Baclofen being an important drug used in the management of severe spasticity, a number of processes for its preparation as well as for intermediates synthesis are known in the art.

U.S. Pat. No. 3,471,548 describes a process for the synthesis of Baclofen comprises hydrolysis of para-chlorophenyl-glutaric acid imide using sodium hydroxide solution.

U.S. Pat. No. 5,240,925 and J. Org. Chem. Vol 45 (1), pp. 171-73, 1980 describes a process for the synthesis of 2-(4-Chlorophenyl)-3-(3-pyridyl)propionitrile comprises reduction of 2-(4-chlorophenyl)-3-(3-pyridyl) acrylonitrile using sodium borohydride in DMF solvent for at least 18 hours.

Japanese patent application JP-A-2006/151839 suggested the hydrogenation of 3-(4-chlorophenyl)-3-cyanopropanoic acid to give 4-amino-3-(4-chlorophenyl)butanoic acid wherein the specification refers that the hydrogenation is carried out under a well-known reducing condition, for example, a Raney nickel catalyst. The said patent application does not provide any working example for the conversion.

Chinese patent application CN102351726 discloses hydrogenation of 3-(4-chlorophenyl)-3-cyano-propionic acid ethyl ester in the presence of Raney nickel, which gets cyclised immediately to the corresponding pyrrolidone. The product is further treated with an acid solution to give Baclofen hydrochloride.

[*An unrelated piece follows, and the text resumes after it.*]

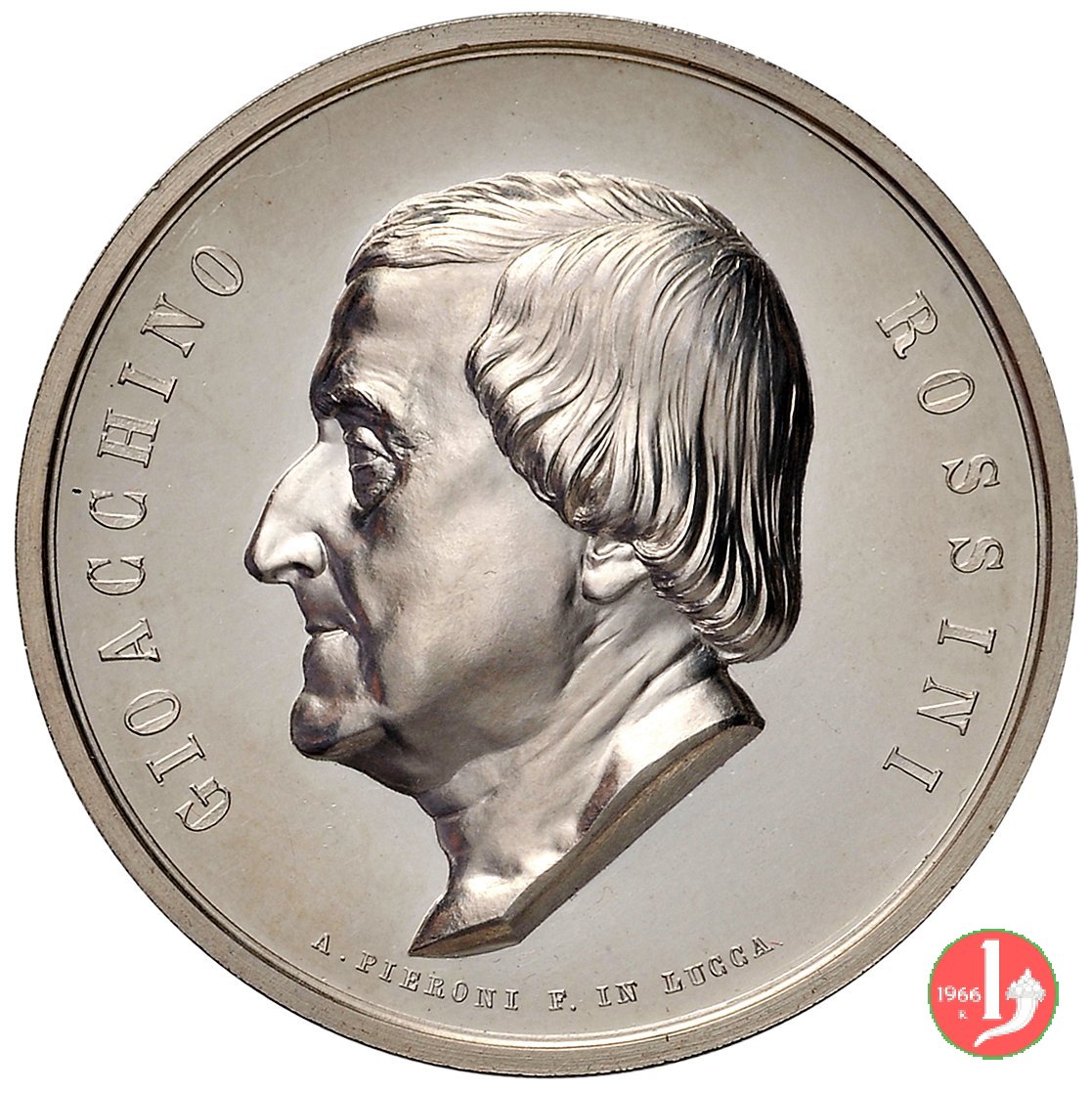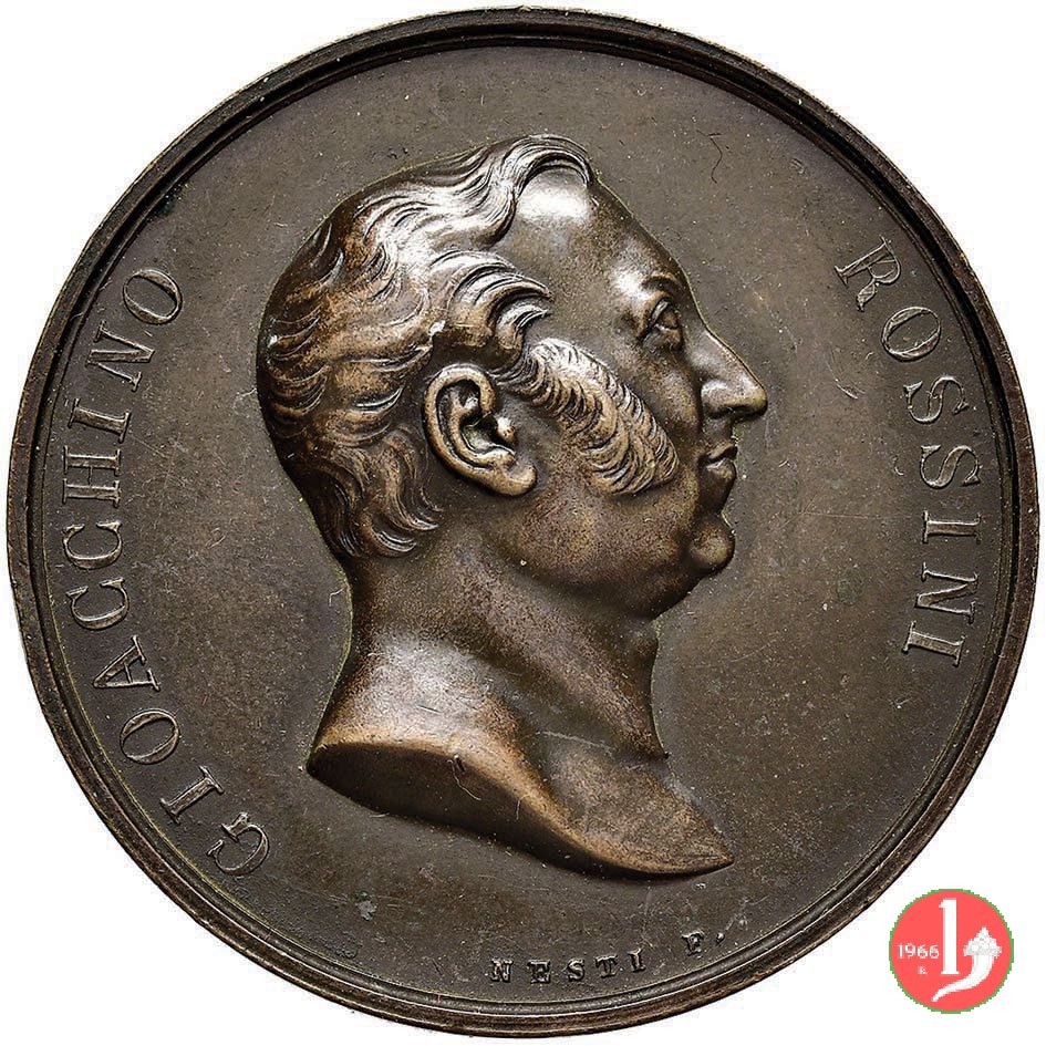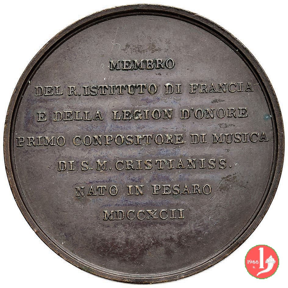 Verso: nel campo: MEMBRO = DEL R. ISTITUTO DI FRANCIA = E DELLA LEGION D'ONORE = PRIMO COMPOSITORE DI MUSICA = DI S. M. CRISTIANISS. = NATO IN PESARO = MDCCXCII

Chinese patent application CN102559553 disclosed asymmetric catalytic reduction of carbon-carbon double bond in the compound 3-(4-chloroaryl)-3-cyano-acrylic acid using Achromobacter sp. JA81 with preservation no. of CCTCC M2011369; the process of CN'553 is depicted below:

Journal article Synthesis 2001 (9), pp 1311-12 disclosed synthesis of arylsuccinic acid comprising alkylation of phenylacetonitrile with salt of chloroacetic acid in the presence of potassium hydroxide in DMF solvent, which finally undergoes hydrolysis.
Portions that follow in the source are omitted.